Мы добрались до здания ТИПА, чистейшего образчика германской архитектуры времен оккупации. Именно здесь мы с Безотказэном Простом и Виктором Аналогиа разгадали замысел Ахерона Аида выкрасть Джен Эйр из «Джен Эйр». Аид проиграл и погиб. Интересно, кто из нашей старой команды здесь остался? Меня вдруг охватили сомнения, и я решила подумать, прежде чем входить. Наверное, неплохо сначала составить план действий, а не переть напролом в духе старины Зарка.

— Кофе хотите, Гамлет?

— С удовольствием.

Мы вошли в кафе «Голиаф» напротив здания агентства. Это было то самое кафе, к которому шел Лондэн за час до своего устранения.

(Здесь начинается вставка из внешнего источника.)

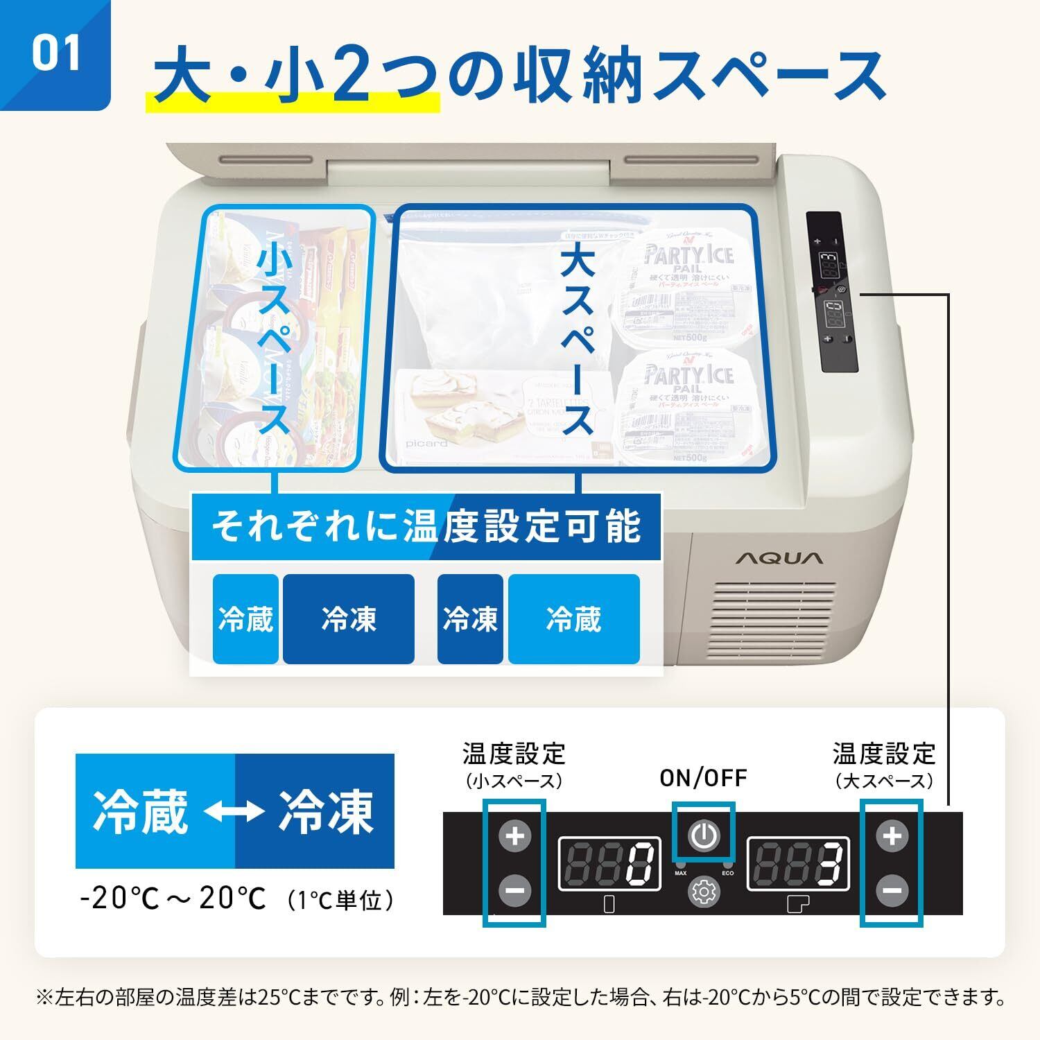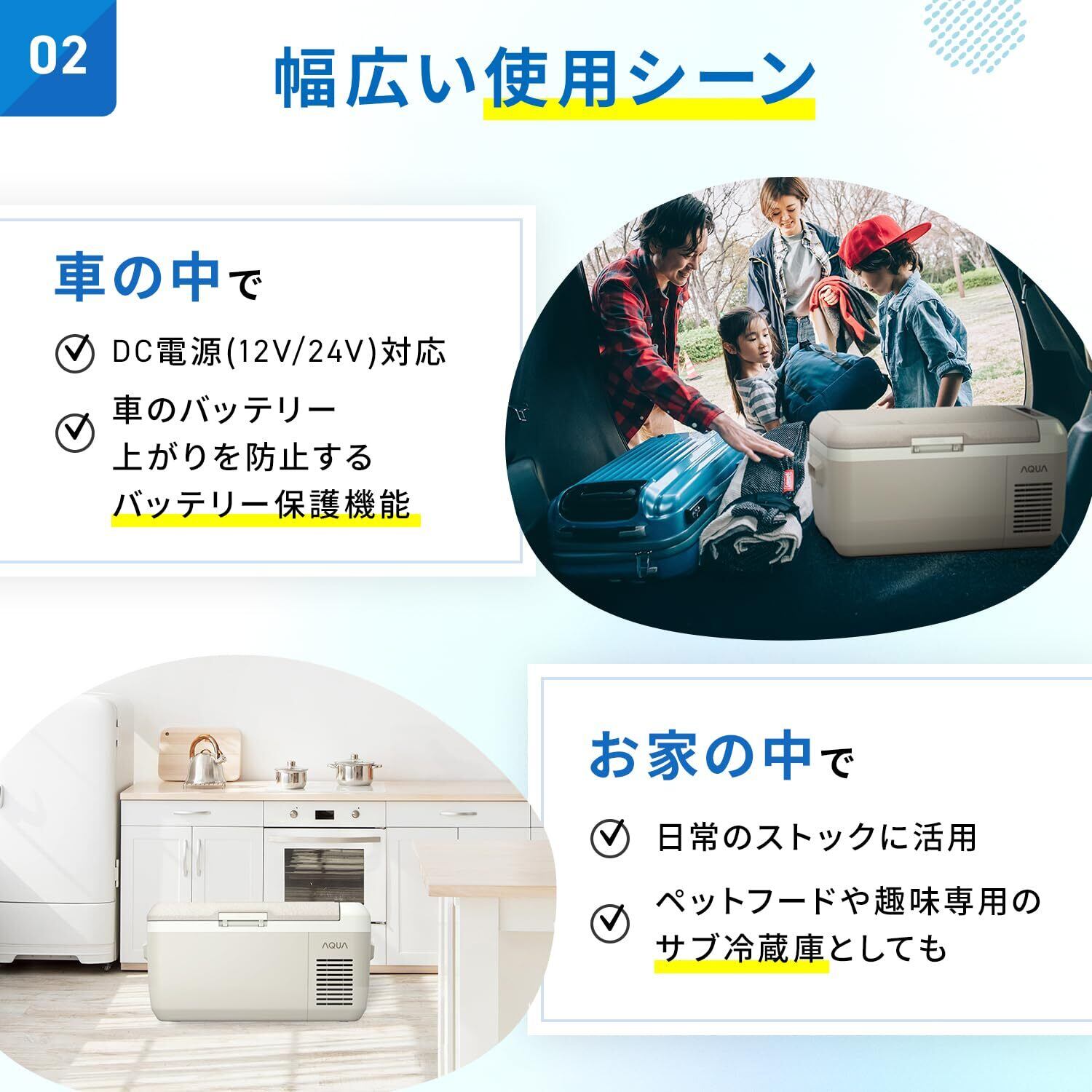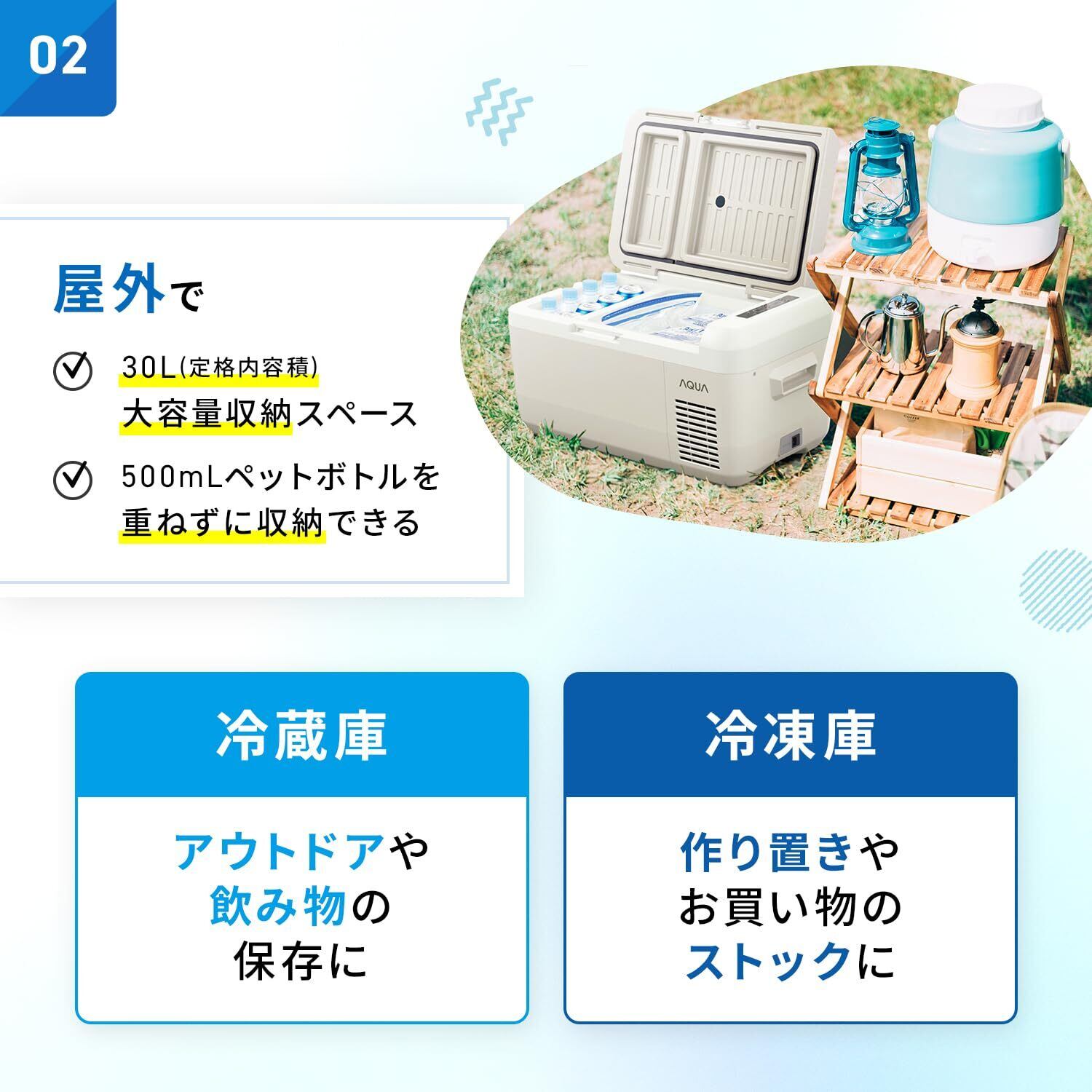 「AQUA 小型冷蔵庫」は、家庭用にも車載用にも最適な30リットルの冷蔵庫/冷凍庫です。冷凍食品やドリンクを手軽に保存でき、幅広いシーンで活躍します。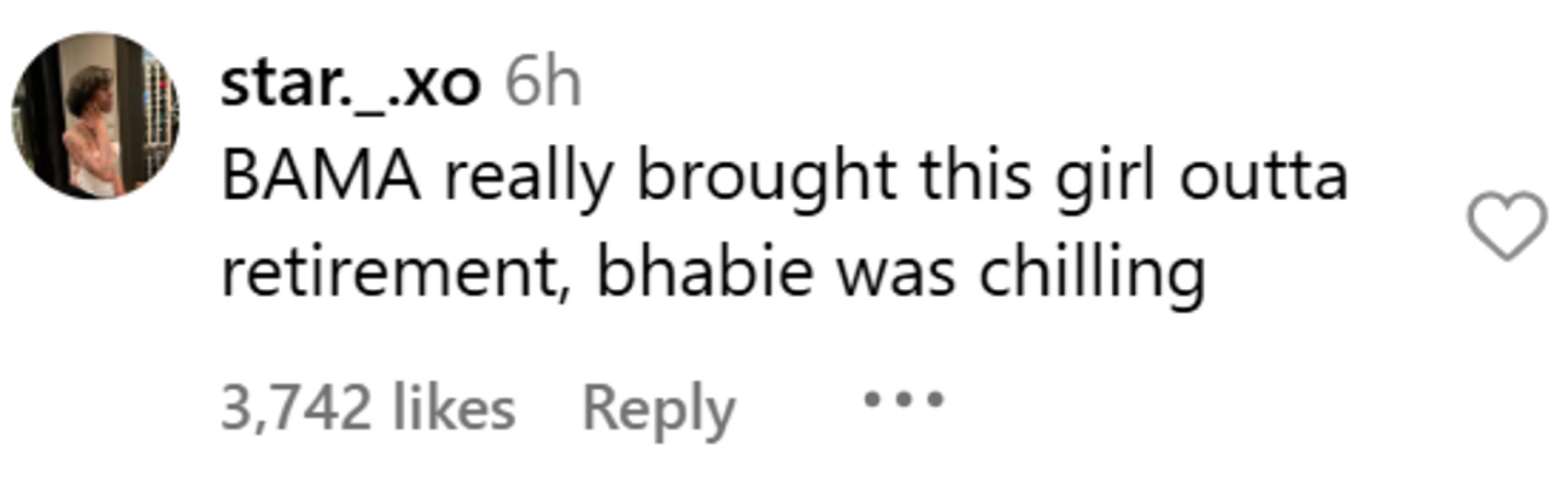 "BAMA really brought this girl outta retirement, bhabie was chilling," another user, @star._.xo, posted.
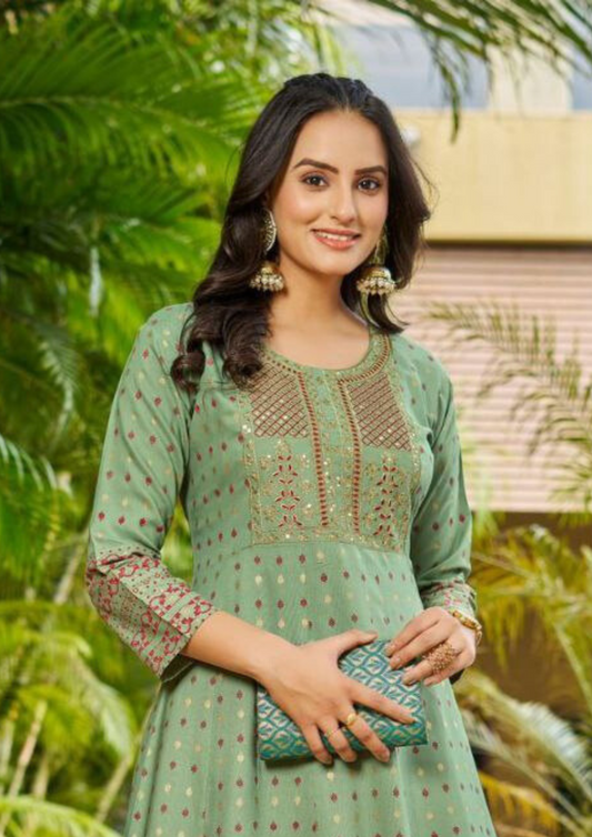 Attractive Light Green Color Rayon Foil Print Anarkali Gown With Embroidery Work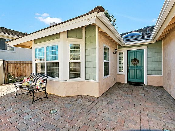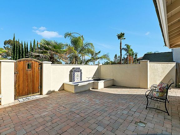 Beautifully updated single level home nestled behind a private courtyard. Hardwood floors, fireplace, vaulted ceilings, ceiling fans, custom Kitchen features granite counters, built in appliances, smooth cooktop, double ovens. Family room is highlighted by vaulted ceiling and french doors that open to a covered entertainer's patio and yard. Milgard windows throughout, newly installed air conditioning, gas furnace and ductwork. The master bedroom has a walk in closet and a French doors to the back yard. The remodeled en-suite Master Bath has quartz topped vanity and custom lighting and fixtures, rainfall shower, hand held shower and shower bench with glass tiles and frameless glass doors. Outside the setting is perfect for entertaining. Ideal Location - easy access to shopping, the Coaster Station, 5 FWY, great schools, and world-class beaches. Schools are EUSD and SDUHSD. Low HOA. No Mello-roos. Welcome Home!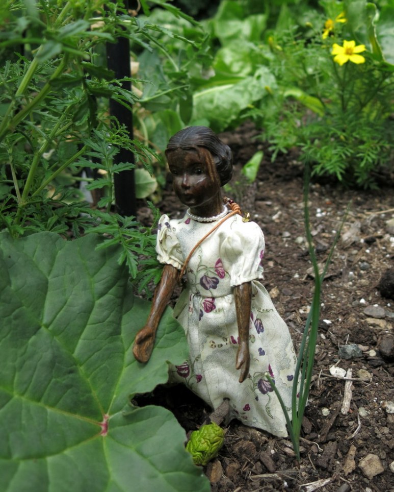 Perdita loves the veggie patch, especially the little Leek avenue…

— Эй! — воскликнул смутно знакомый человек за стойкой. — Мы здесь таких не обслуживаем!

— Кого не обслуживаете?

— Датчан.

В этих бреднях «Голиаф» явно держал сторону Гана.

— Он не датчанин. Это мой кузен Эдди из Вулвергемптона.

— Правда? Тогда почему он одет как Гамлет?

Я быстро придумала ответ.

— А он чокнутый. Правда ведь, кузен Эдди?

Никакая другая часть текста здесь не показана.